Montana's laws defining sexual assault and sexual intercourse without consent are antiquated, according to a bill introduced by a Missoula legislator before the House Judiciary Committee on Friday.

Democrat Diane Sands of Missoula introduced SB 29 after closely examining the wording in Montana's current laws defining sexual crimes.

"Out of every thousand sexual assaults, very few of them are ever charged, fewer are ever prosecuted, and fewer yet are even convicted," Sands said. "This bill recognizes the modern research on how victims of sexual crimes react. What really happens in a sexual assault is that the victim doesn't run or fight back, but freezes.
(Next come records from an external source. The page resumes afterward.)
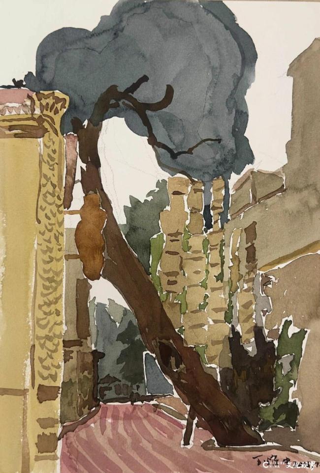 他的视线始终锚定“寻常”:乡村院落里聚谈的人群、田间地头挎着布包的身影、石榴树坠着饱满果实的枝桠,或是河湾处被暮色晕染的崖壁,没有刻意经营的戏剧冲突,只有生活流里的片段。这些题材里藏着他的观察姿态——不是“采风式”的猎奇,而是以参与者的熟稔,接住那些被匆匆路过的瞬间:妇人垂着肩颈挤牛奶的松弛、老妪并肩走时轻挨的手臂、树下蜷着的土狗半眯的眼,都是无需注解的日常,却被他抻长、定格,成了有呼吸感的画面。
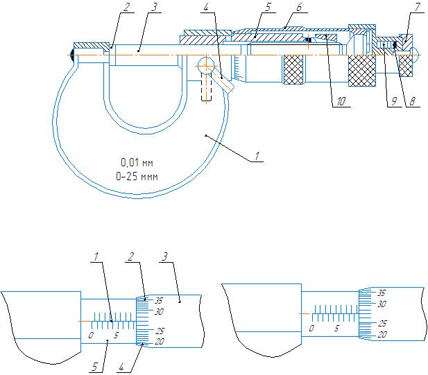 Чертеж микрометр МК 0-25 в программе Компас 3D
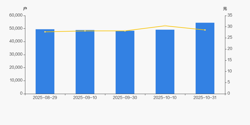 2025年8月29日至今,公司股东户数显著增长,区间涨幅为10.11%。2025年8月29日至2025年10月31日区间股价上涨3.03%。

The perpetrator is usually known to the victim  and it's most often in a home, and there is no use of force. For that reason some cases have gone all the way to the Montana Supreme Court and the defendant has gone free. This bill tries to address that particular issue."

Attorney General Tim Fox appeared before the committee and explained the new definition of sexual assault within Senate Bill 29.

"Consent means words or overt actions indicating a freely given agreement to have sexual intercourse or sexual contact," Fox began. "The bill goes on to further clarify that several common myths that have been used for years to infer that the victim was asking to be raped because of the way that they were dressed or because of a previous relationships, do not in and of themselves mean that consent was given. Instead, the bill requires that law enforcement, indeed courts and juries, look at all the surrounding facts and circumstances, including expressions of lack of consent through words or conduct."

Deputy Missoula County Attorney Jennifer Clark testified that in her over 14 years of prosecuting sexual assault, she and her fellow attorneys have been hampered by Montana's antiquated sexual assault legal language.

"Under our current statute, we have to prove that defendant had sexual intercourse, that he did so knowingly, and that he knew that the victim wasn't consenting , and that's usually where we get tripped up," Clark said. "Without consent is currently defined as that the victim was compelled to submit by force."

In the second and third readings of the bill, it passed unanimously.